▶ [Brief] Look below for the line that contains "Ellis | WA |", then quote it and all the lines after it, exactly, with the pictures left out.

▶ [Items from a dataset]
►

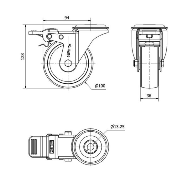 Rueda poliamix giratoria con freno Alex diametro 100 mm. modelo 2-1648
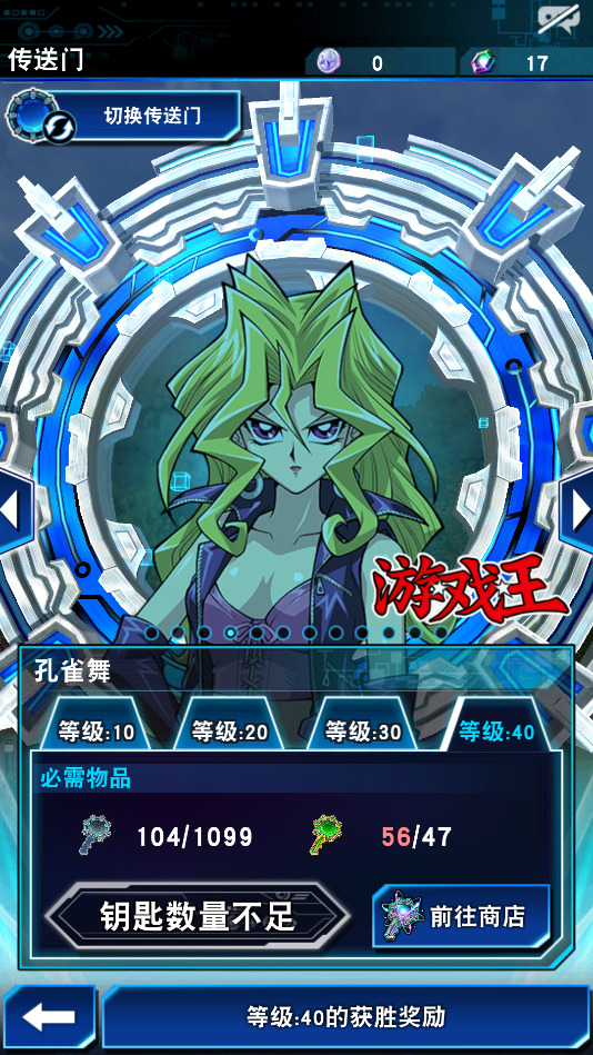 孔雀舞升级奖励卡中,我们需要伊塔库亚的飓风(25级解锁),两张亚马逊的意志(33级,38级解锁),一张亚马逊的女王(40级解锁)。建议大家去开3倍刷10级门,如果你抽了究极龙大包,可以考虑使用拖吊小熊猫X2+任意高星怪兽X18+抽卡预感低星去刷10级门,刷起来非常无脑,完全不用思考,能在这个枯燥且漫长的过程中为你省下一些精力。孔雀舞到40以后立即切换城之内,因为我们还需要把这个货也刷到38级拿到两张苍炎的剑士(我自己是实在刷不动了,硬着头皮拿不完整的牌去打的rank)。
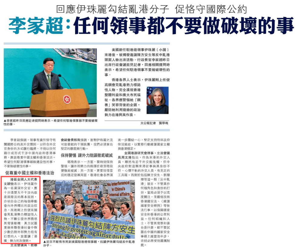 港區全國人大代表文穎怡表示,伊珠麗作為一名資深外交官,應十分清楚互不干涉內政是國際法的基本原則,亦明白自己的每個舉動會向外界釋出的政治信息,而她剛上任便高調會見亂港勢力標誌性人物,不難引發外界猜想其背後動機:美方試圖重新串聯香港社會中極少數仍對外部勢力抱有幻想的人,妄圖讓「港獨」勢力死灰復燃。
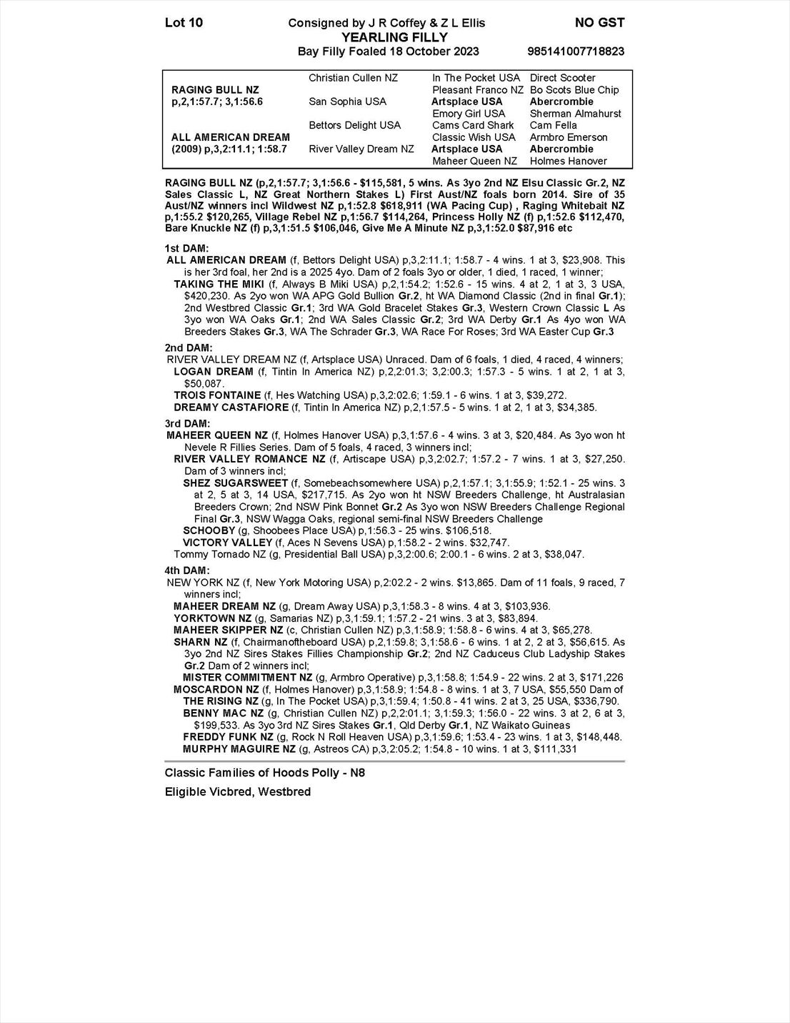 | Filly | Unnamed | Raging Bull NZ | All American Dream | J R Coffey & Z L Ellis | WA |
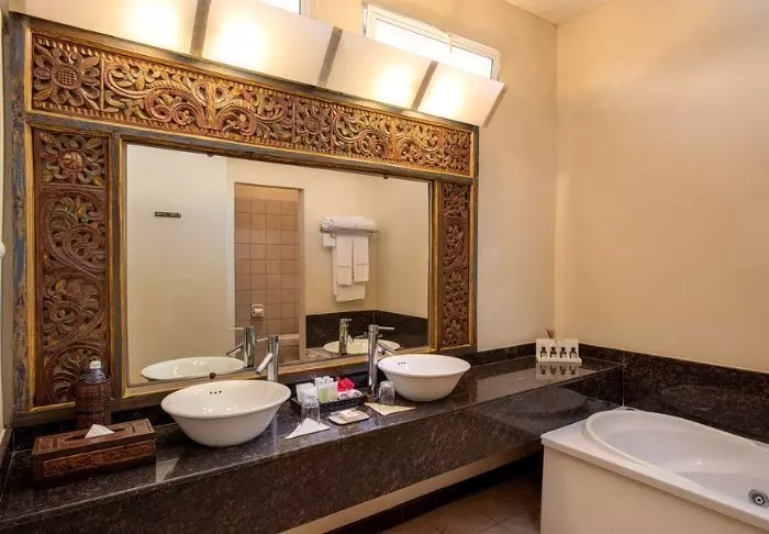 Huoneet sijaitsevat pienissä, kaksikerroksisissa “taloissa”, joissa on kussakin 6 huonetta. Kaikki “talot” on liitetty toisiinsa ja päärakennukseen korotetuilla kävelysilloilla, jotka valaistaan kauniisti illan tullen. Tilavissa huoneissa on kaikissa oma kylpyhuone ja veranta.
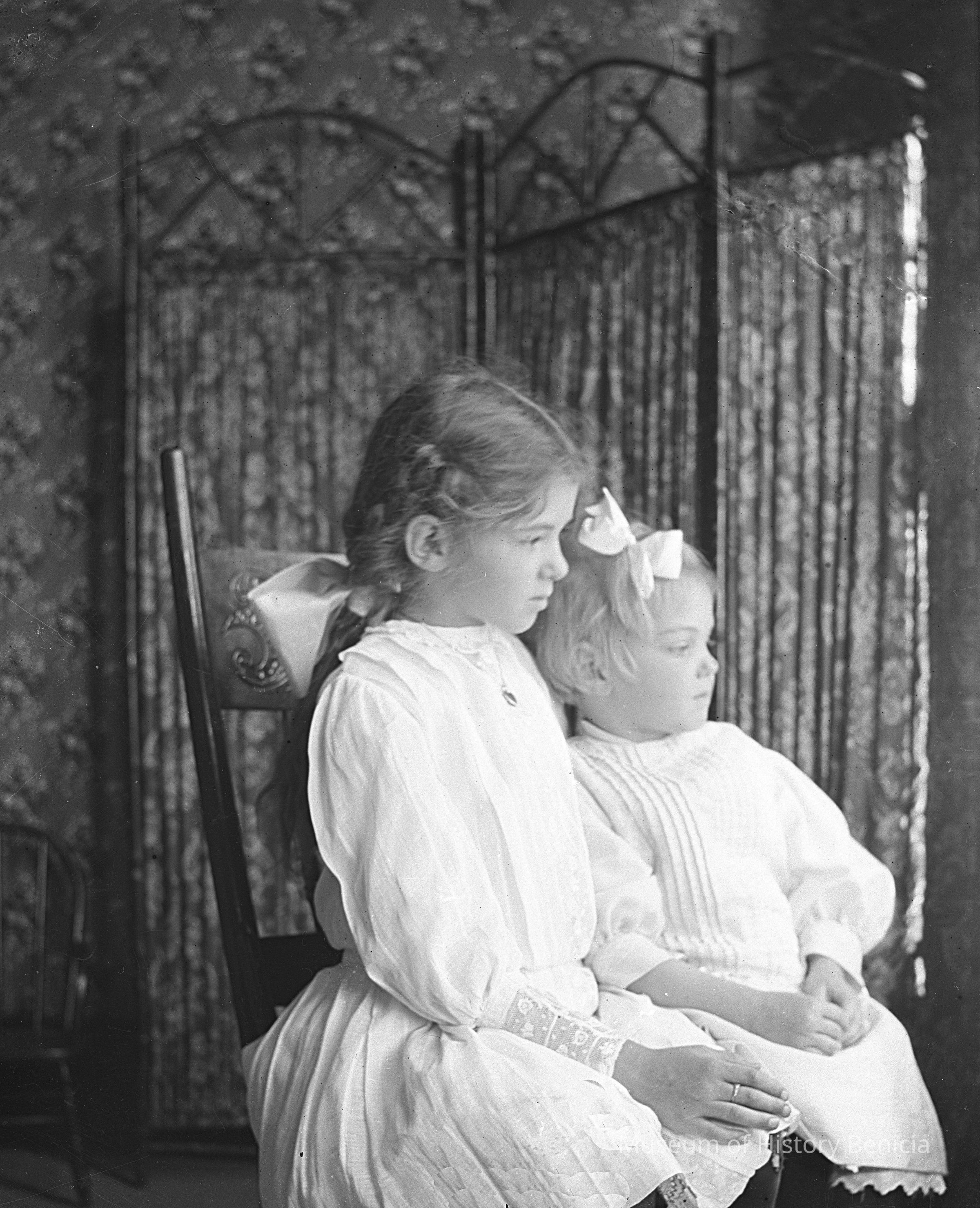 Two young girls sitting in a chair together. The girls are Margurite (left) and Violet (right) Molfino.

◄

▶ [Response to the exercise]
 | Filly | Unnamed | Raging Bull NZ | All American Dream | J R Coffey & Z L Ellis | WA |
 Huoneet sijaitsevat pienissä, kaksikerroksisissa “taloissa”, joissa on kussakin 6 huonetta. Kaikki “talot” on liitetty toisiinsa ja päärakennukseen korotetuilla kävelysilloilla, jotka valaistaan kauniisti illan tullen. Tilavissa huoneissa on kaikissa oma kylpyhuone ja veranta.
 Two young girls sitting in a chair together. The girls are Margurite (left) and Violet (right) Molfino.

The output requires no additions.